Task to complete » Your copy should hold only the lines from the one with "Damage Taker | ||" to the one with "Linerlock folding knife.", both included, each exactly as it stands below, with no pictures.

[Start of section]

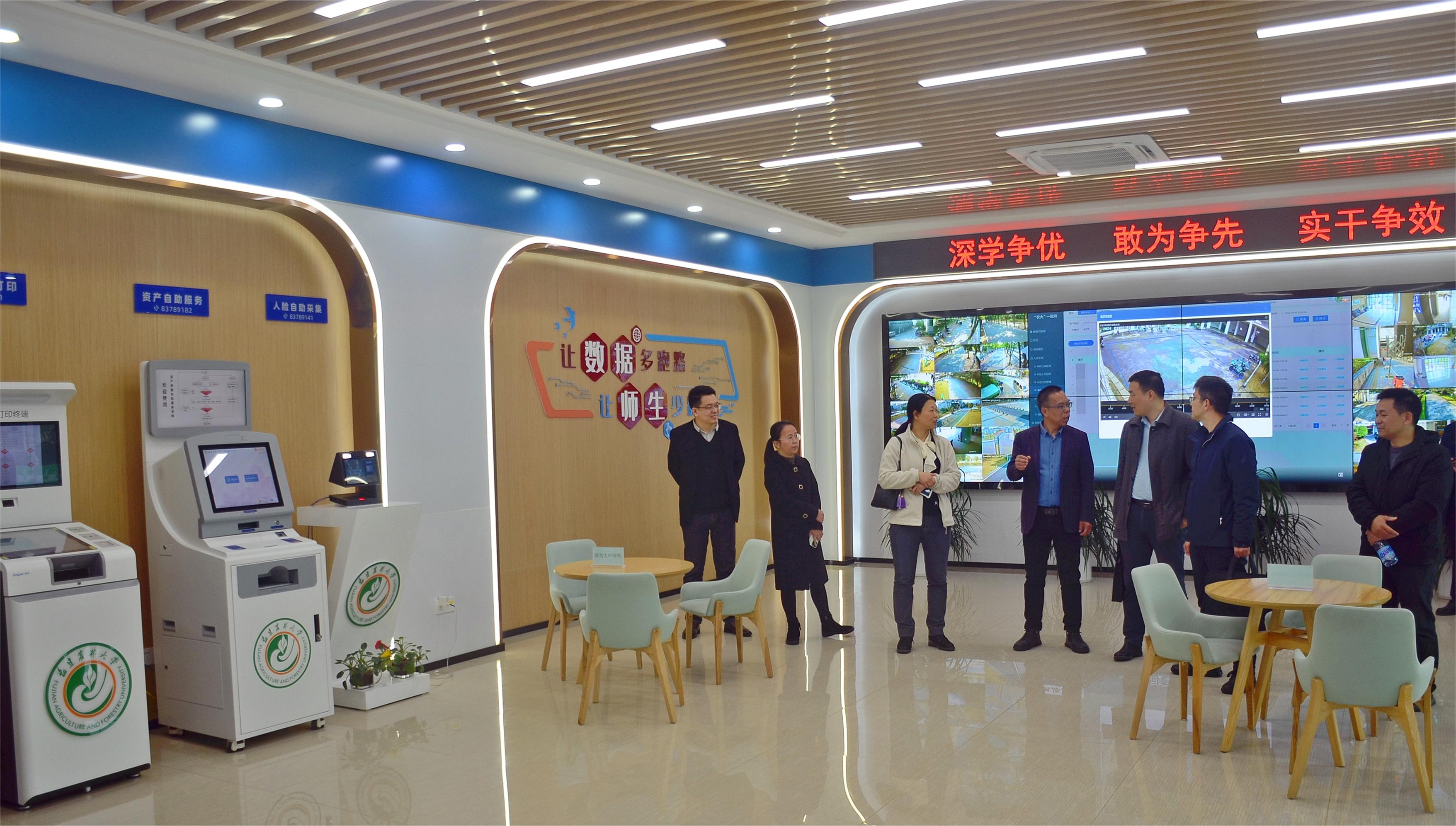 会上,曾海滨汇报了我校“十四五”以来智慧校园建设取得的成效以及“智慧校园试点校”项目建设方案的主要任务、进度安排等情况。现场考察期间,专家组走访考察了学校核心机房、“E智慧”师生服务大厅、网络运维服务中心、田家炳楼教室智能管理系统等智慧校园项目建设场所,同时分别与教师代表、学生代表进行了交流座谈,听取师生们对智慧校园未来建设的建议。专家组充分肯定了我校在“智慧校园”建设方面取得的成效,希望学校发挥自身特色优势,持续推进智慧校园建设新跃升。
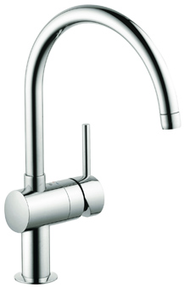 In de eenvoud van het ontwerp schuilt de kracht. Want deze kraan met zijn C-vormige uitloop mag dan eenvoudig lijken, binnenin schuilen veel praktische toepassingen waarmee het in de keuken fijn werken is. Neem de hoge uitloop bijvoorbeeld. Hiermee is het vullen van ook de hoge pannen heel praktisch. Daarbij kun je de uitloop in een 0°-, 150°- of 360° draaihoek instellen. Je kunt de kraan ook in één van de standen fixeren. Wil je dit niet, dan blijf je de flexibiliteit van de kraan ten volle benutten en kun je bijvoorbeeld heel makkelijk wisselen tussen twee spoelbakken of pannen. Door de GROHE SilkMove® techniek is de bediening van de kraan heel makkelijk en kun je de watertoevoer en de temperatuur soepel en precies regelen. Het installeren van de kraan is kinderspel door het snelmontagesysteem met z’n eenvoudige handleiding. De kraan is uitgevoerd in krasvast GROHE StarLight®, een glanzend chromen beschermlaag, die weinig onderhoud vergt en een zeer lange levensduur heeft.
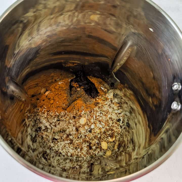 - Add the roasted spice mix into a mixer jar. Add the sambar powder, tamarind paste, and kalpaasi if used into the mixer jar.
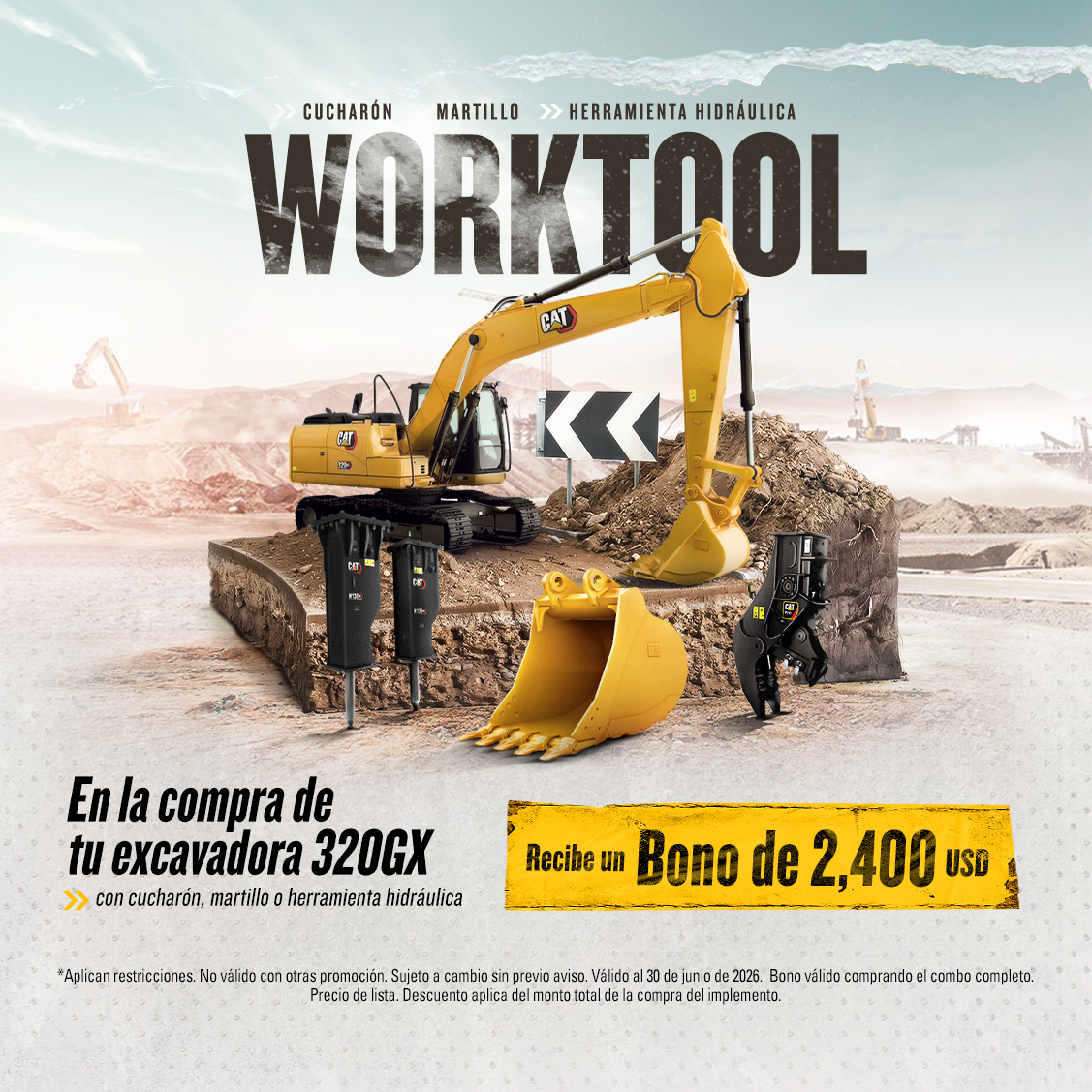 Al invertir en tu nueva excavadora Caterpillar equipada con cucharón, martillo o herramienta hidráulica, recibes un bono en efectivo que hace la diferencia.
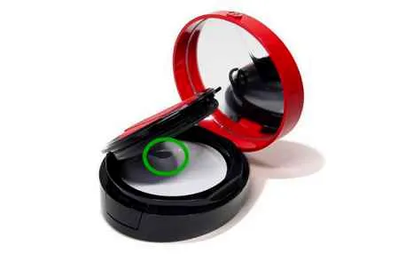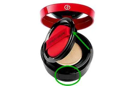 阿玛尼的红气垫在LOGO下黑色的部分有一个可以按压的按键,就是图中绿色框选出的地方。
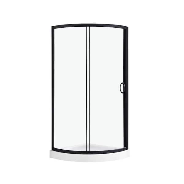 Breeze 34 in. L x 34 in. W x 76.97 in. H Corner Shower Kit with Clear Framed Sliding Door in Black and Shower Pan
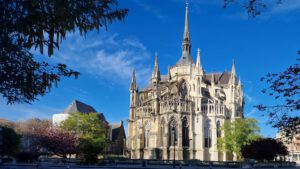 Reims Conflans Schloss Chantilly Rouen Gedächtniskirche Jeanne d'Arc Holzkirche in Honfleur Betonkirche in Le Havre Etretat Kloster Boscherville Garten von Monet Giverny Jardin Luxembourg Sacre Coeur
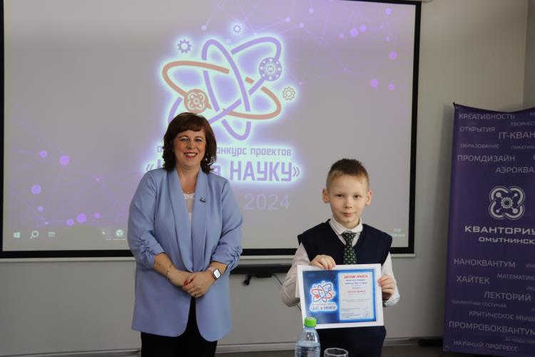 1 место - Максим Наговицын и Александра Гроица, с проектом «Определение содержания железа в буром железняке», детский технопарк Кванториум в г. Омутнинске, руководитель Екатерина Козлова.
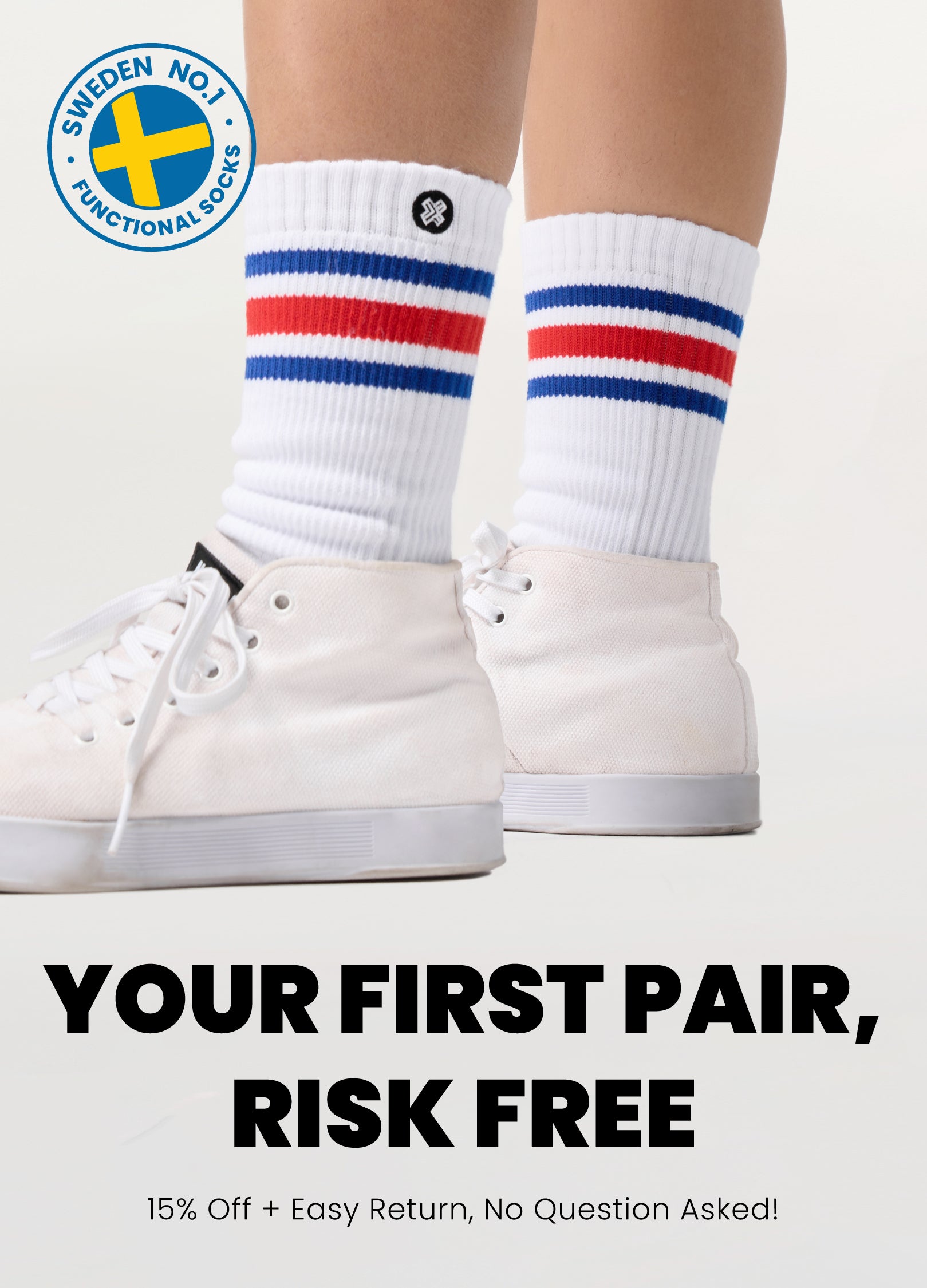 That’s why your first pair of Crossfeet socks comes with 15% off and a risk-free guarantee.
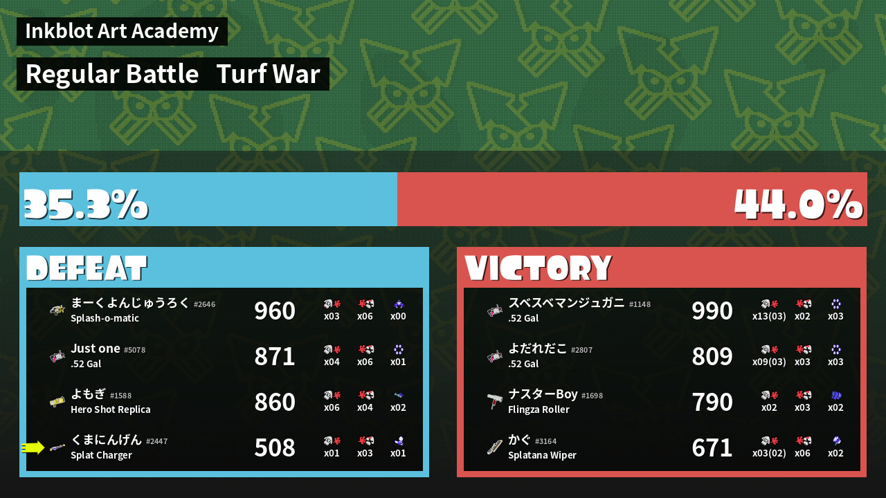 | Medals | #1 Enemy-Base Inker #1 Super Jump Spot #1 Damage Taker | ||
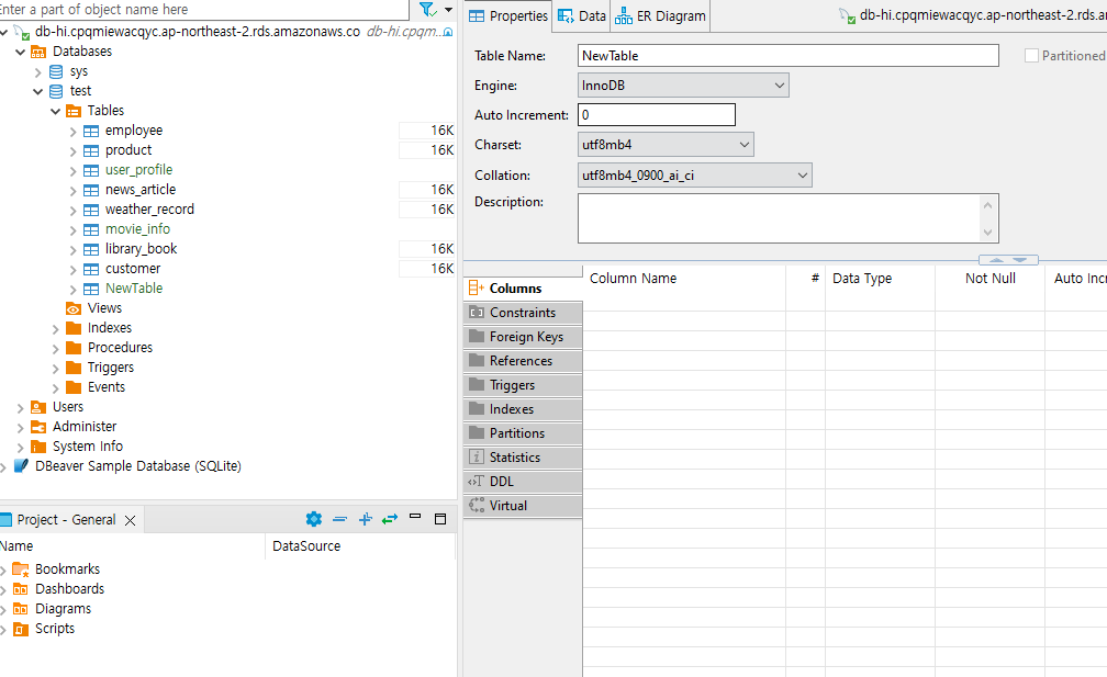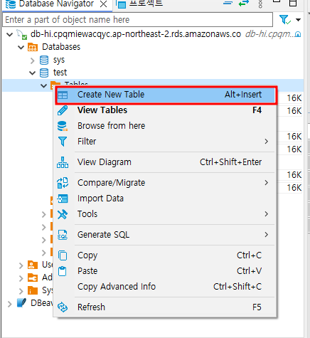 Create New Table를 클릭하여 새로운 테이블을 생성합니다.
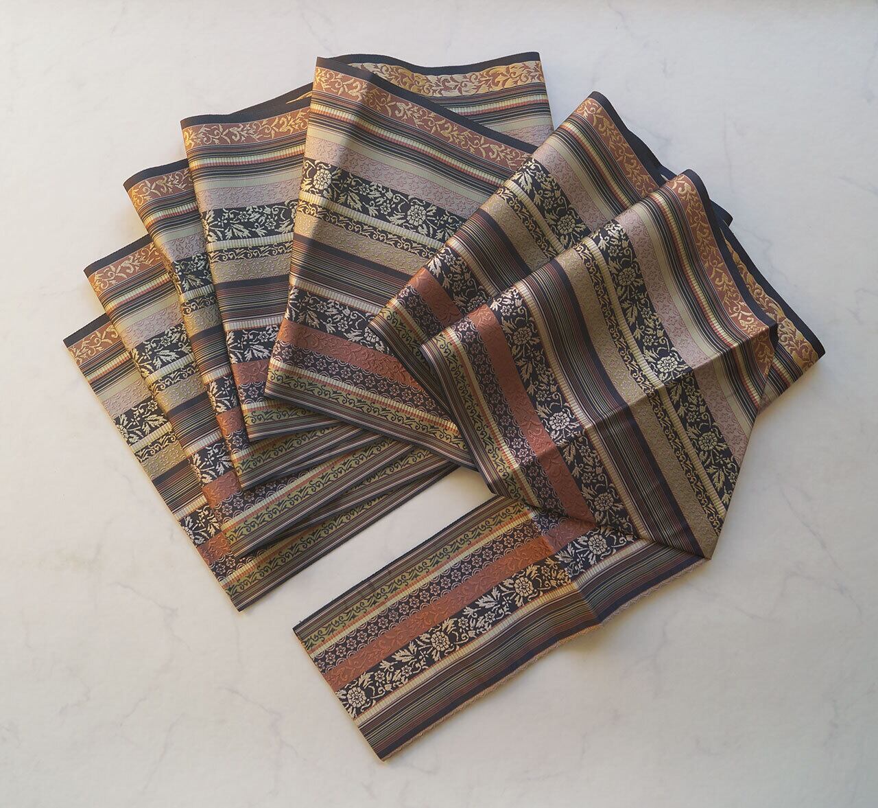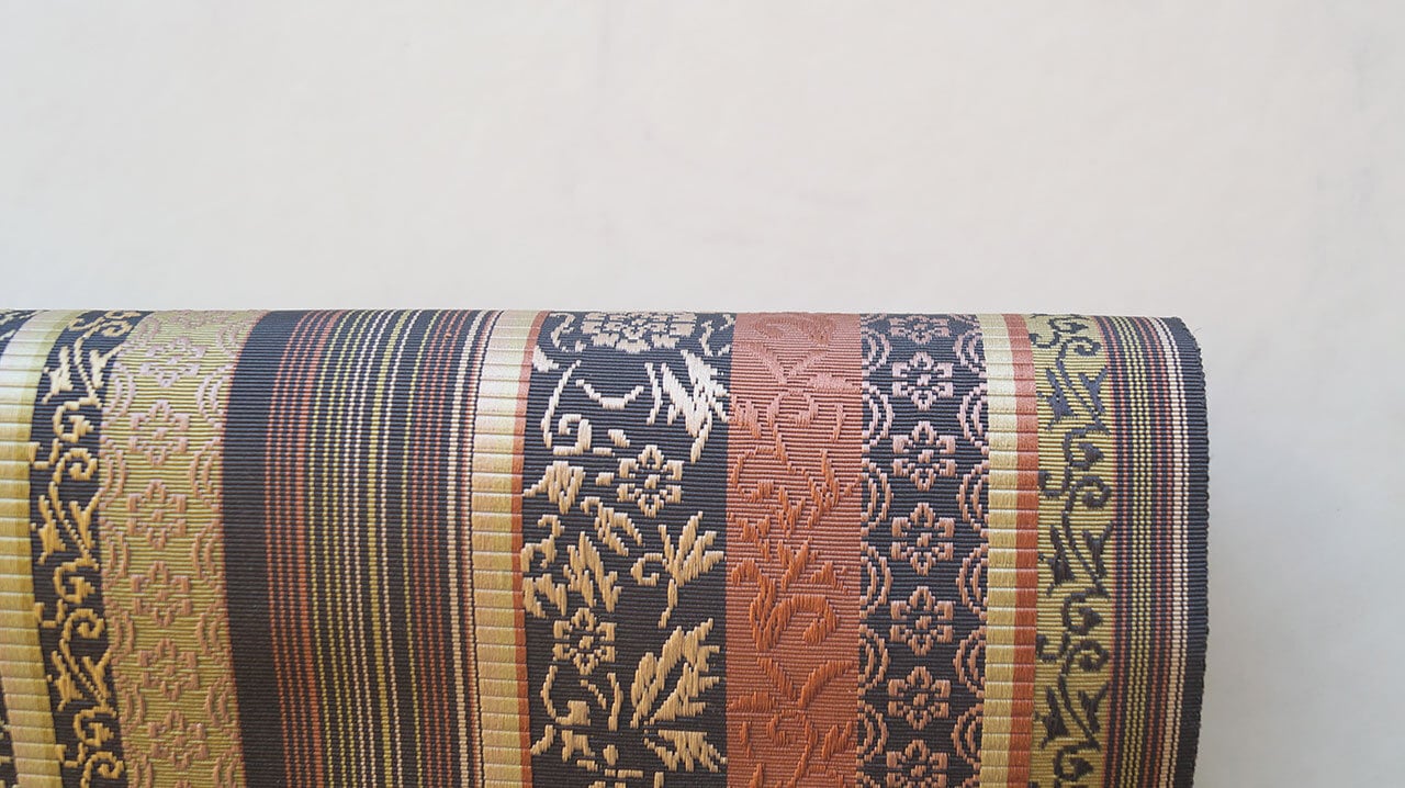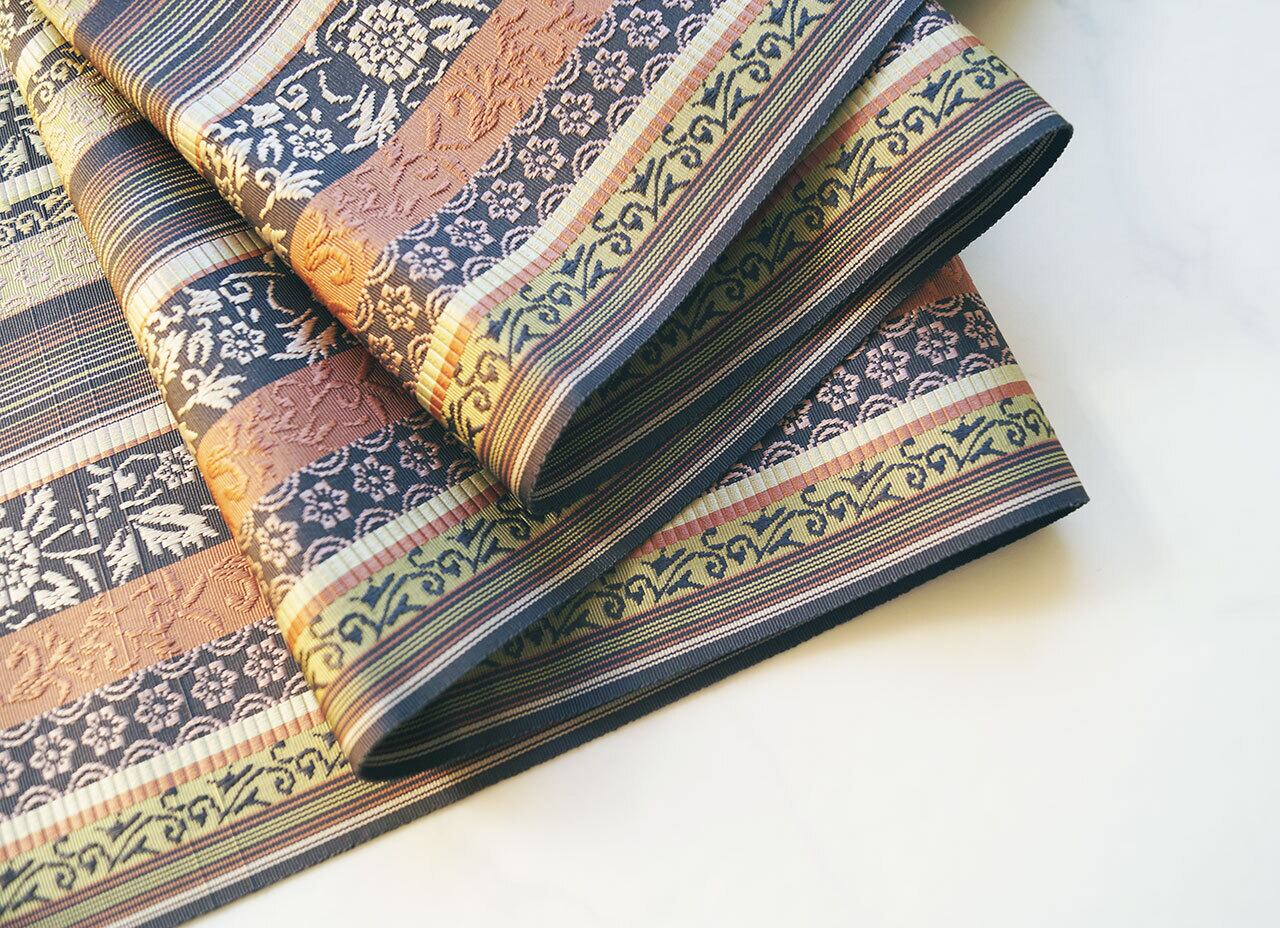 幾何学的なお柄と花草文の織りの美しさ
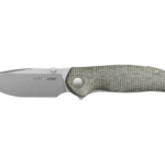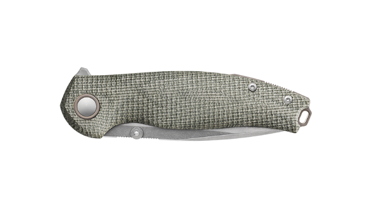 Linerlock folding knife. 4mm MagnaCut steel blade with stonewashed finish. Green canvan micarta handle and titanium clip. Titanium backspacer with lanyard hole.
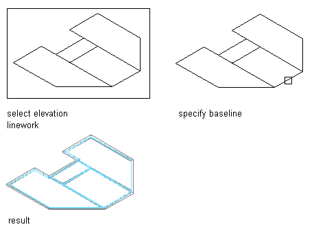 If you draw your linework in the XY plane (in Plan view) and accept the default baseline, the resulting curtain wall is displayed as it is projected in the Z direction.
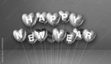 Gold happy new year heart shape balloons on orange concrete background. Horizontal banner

[End of section]

Answer section »
 | Medals | #1 Enemy-Base Inker #1 Super Jump Spot #1 Damage Taker | ||
 Create New Table를 클릭하여 새로운 테이블을 생성합니다.
 幾何学的なお柄と花草文の織りの美しさ
 Linerlock folding knife. 4mm MagnaCut steel blade with stonewashed finish. Green canvan micarta handle and titanium clip. Titanium backspacer with lanyard hole.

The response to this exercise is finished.